In this study, we have combined several techniques and profiles to improve the state-of-the-art prediction of 3D structure and relative solvent accessibility. Building a homology model for this chimeric protein has been used to understand the antigenic sites and structural conformation domains which were used to predict continuous and discontinuous epitopes. Also, for the antibody-antigen interaction, it is important to know how much area of surface is exposed; accordingly we defined the exposed areas and surface accessibility.

Considering the multi colonization factor of this bacterium, multi antigenic parts should be used for repressing this pathogen. For this reason, more research should focus on designing multi antigenic proteins from E. coli O157:H7. This study and a few others [60, 61] indicate that epitope construction and prediction will be useful not only in vaccine development but also in the prospective engineering and re-engineering of protein therapeutics, reducing the risk of undesired immunogenecity and improving the likelihood of success in clinical use.

Finally, the conclusions drawn for E. coli O157:H7 proteins could be combined with expression profiling to identify genes whose expression changes under shifting environmental conditions [62].

In conclusion, we believe that all of these findings will intensify efforts to develop a vaccine candidate against E. coli O157:H7.

Methods

Sequence analysis

Related sequences for espA (40 sequences), eae (32 sequences) and tir (50 sequences) were obtained from Genbank (accession no. not shown). Multiple sequence alignments were performed using ClustalW software (EBI, UK) http://www.ebi.ac.uk/Tools/clustalw2/ in order to identify a fragment common to all the sequences.

Construct design

An antigenic sequence was constructed by fusing the C-terminal of espA, C-terminal of eae and middle fragment of tir using hydrophobic amino acid linkers (accession no. GQ205376).

The in silico gene analysis and multi parameter gene optimization of the synthetic chimera gene was performed using Stand-alone softwares such as Leto (Entelechon, Germany), DNA 2.0 http://www.dnatwopointo.com, DNAsis MAX (Hitachi Software), and online data bases and softwares such as the codon database http://www.kazusa.or.jp/codon, Gene bank codon data base and Swissprot reverse translation online tool http://www.bioinformatics.org/sms2/rev_trans.html. The desired properties were verified by Gen-Script (NJ, USA). The multimeric gene was synthesized by ShineGene Molecular Biotech, Inc (Shanghai, China).

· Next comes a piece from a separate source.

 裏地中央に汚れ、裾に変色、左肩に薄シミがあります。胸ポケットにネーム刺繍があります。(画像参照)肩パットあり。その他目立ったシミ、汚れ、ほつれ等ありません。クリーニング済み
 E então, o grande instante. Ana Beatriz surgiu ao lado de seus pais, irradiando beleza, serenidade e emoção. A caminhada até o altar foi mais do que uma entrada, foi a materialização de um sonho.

Bioinformatic analysis of chimeric recombinant protein

The messenger RNA secondary structure of the chimeric gene was analyzed by the program mfold http://www.bioinfo.rpi.edu/applications/mfold. Recombinant protein Secondary-structure predictions were performed by the neural-network-based algorithm program (PHD), and for 3D structure, online ab initio software was used http://www.igb.uci.edu/[63]. 3D structural stability of the synthetic protein was further analyzed by Swiss-PdbViewer for energy minimization [64]. Solvent accessibility of different residues was evaluated by DSSP and other online programs (VADAR) http://redpoll.pharmacy.ualberta.ca/vadar/. The predictive value of the hyper glycosylation code which may act in plants is well established based on online software http://www.cbs.dtu.dk/services/[65].

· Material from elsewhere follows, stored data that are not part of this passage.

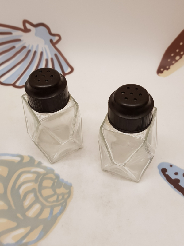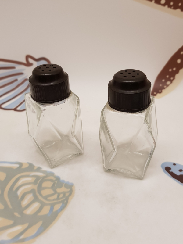 Antikes, formschönes Pfeffer- und Salzset aus Glas mit Kunststoffkappe (Bakelit?), 8 cm hoch.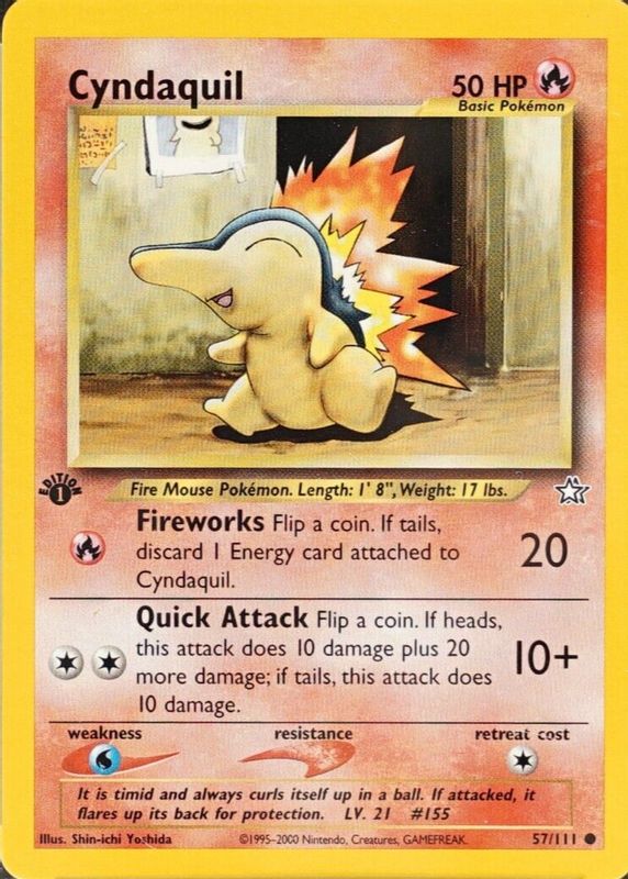 Cyndaquil's Pokemon cards are available in at least 19 sets. Cyndaquil's biggest 7-day price movers are 2007 Diamond & Pearl: Mysterious Treasures #079/123 Base, 2000 Neo Genesis #57/111 1st Edition, and 2000 Neo Genesis #56/111 1st Edition.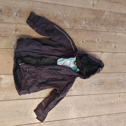 Missing Link er vind og vanntett, har lite hull på ene ramen, se bilde, mangler også en knapp, som har ingen betydning.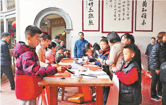 “过年了,我们带着娃娃来这里写春联,给孩子讲解土楼楹联的深刻内涵,让孩子在新春佳节牢记爱国、爱家的传统美德,将这份文化瑰宝传承下去。”市民江梦说。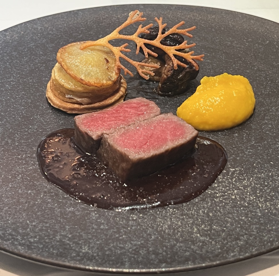 前菜は2皿。人気のフォワグラ料理と旬の食材をふんだんに使ったお任せのお料理と、メインには朝市から仕入れた鮮魚料理と黒毛和牛A5肉のロティールのダブルメインコースです。

Prediction of B-cell epitopes

The amino acid sequence was analyzed using three web-based B-cell epitope prediction algorithms; Bcepred http://www.imtech.res.in/raghava/bcepred/, Continuous B cell epitopes prediction methods based on physico-chemical properties on a non-redundant dataset, and the Discotope http://www.cbs.dtu.dk/services/DiscoTope/ Server for predicting discontinuous B cell epitopes from three-dimensional protein structures. Briefly, chimeric proteins were analyzed first for continuous B-cell epitopes using Bcepred and then using the Discotope server to predict discontinuous B cell epitopes. Finally, we used the VaxiJen server to predict the immunogenecity of the whole antigen and its subunit vaccine [48, 66, 67].